Jan 26, 2026

IT 223 -- Jan 26, 2026

Work problems from the Practice Problems on the Area under the Normal Curve.
Answer: we worked problems 1s, 1e, and 2d in class today. The answers are shown on the page of practice problems.
Use R to create a data vector with entries from 1 to 100. Answer:
```
v <- seq(1, 100, 1)
# or
v <- seq(1, 100)
# or
v <- 1:100
```
Use R to create a data vector with entries that start at 1, end at 3, and increase by 0.01 from one entry to the next? Answer:
```
> v <- seq(1, 3, 0.01)
```
What is a z-score? How do you use R to compute the z-scores for a data vector?
Ans: A z-score for individual observations is computed as z = (x - x) / SD. It tells you how many
standard deviations the observation is away from the mean. The z-score can also be computed for the sample mean:
z = (x - μ) / SD_ave. If you knew the population mean μ this z would tell you how many standard errors the sample mean was from the population mean. However, μ usually unknown, so this z can be used to obtain a confidence interval for μ.
The z for individual observations is used to look up areas under the standard normal curve.

z = (x - mean(x)) / sd(x)

We discussed this document last week.
What proportion of observations are containted in each of these bins under the standard normal curve?
```
[-1, 1]  [-2, 2]  [3, 3]
```
Answer: 68% for [-1,1]; 95% for [-2,2]; 99.7% for [-3,3].

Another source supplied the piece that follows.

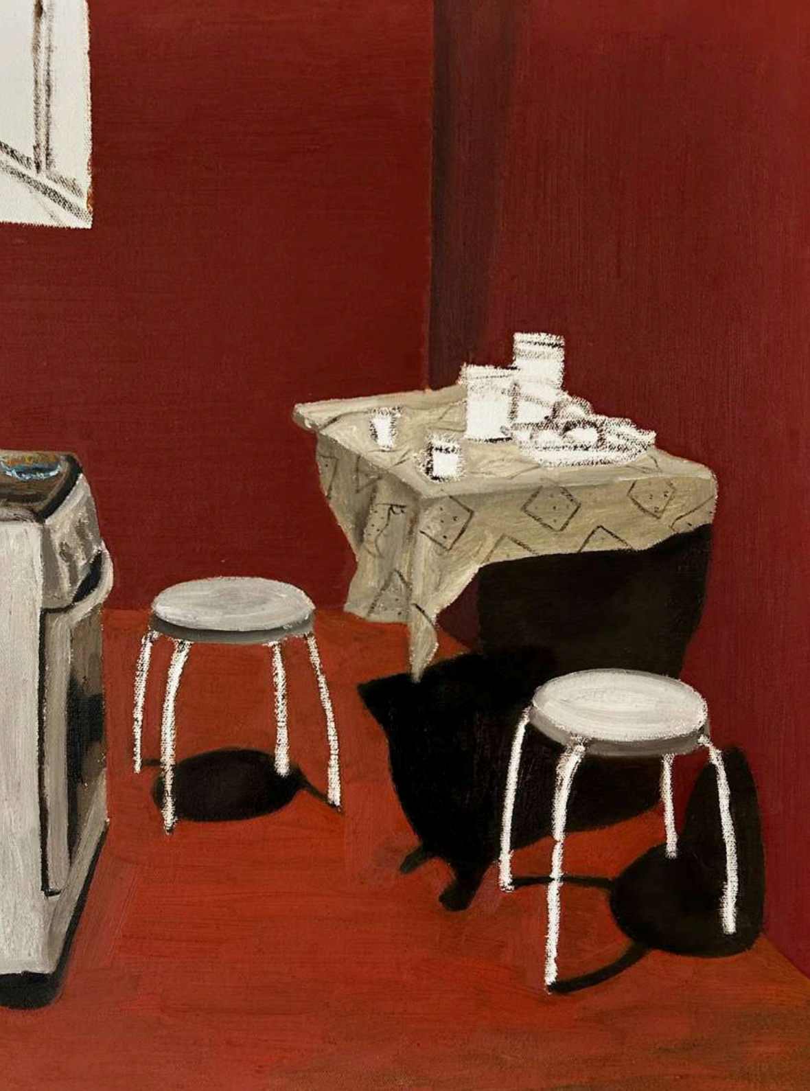
Utopia V - Série: Culpa da invisibilidade Óleo sobre tela, 48x36cm 2025

dnorm(x, mean, sd) -- The height of a normal density with μ and σ specified by the mean and sd arguments.
Example: draw a plot of the normal density of SAT scores, where μ=1500 and σ=300. Use seq(0, 2500, 1) for the x-values. Set the title of the plot (main argument) to "Density of SAT Scores".
pnorm(x, mean, sd) -- The area under the normal density in the interval (-∞, x].
Example: if μ=1500 and σ=300 for SAT scores, find the proportion of scores that are greater than 1950. Answer:
```
> pnorm(1950, 1500, 300)
[1] 0.9331928
```
However, we don't want area (-∞, 1950], we want area (1950, ∞) = 1 - area (-∞, 1950]. The answer we want is
```
> 1 - pnorm(1950, 1500, 300)
[1] 0.0668072
```
qnorm(p, mean, sd) -- The p quantile for the normal density.
Example: If μ=1500 and σ=300 for SAT scores, what is the 0.95 quantile or 95th percentile for SAT scores?
Answer:
```
> qnorm(0.95, 1500, 300)
[1] 1993.456
```
rnorm(n, mean, sd) -- Generate n normally distributed random numbers with the specified mean and standard deviation.
Example: Generate 100 normally distributed random values with mean=1500 and sd=300. Then create the histogram, the box plot, and the plot of the x-values vs observation number.
```
x <- 1:100
y <- rnorm(x, 1500, 300)
hist(y)
boxplot(y)
plot(x, y)
```

We will finish discussing normal plots on Wednesday, Feb 28.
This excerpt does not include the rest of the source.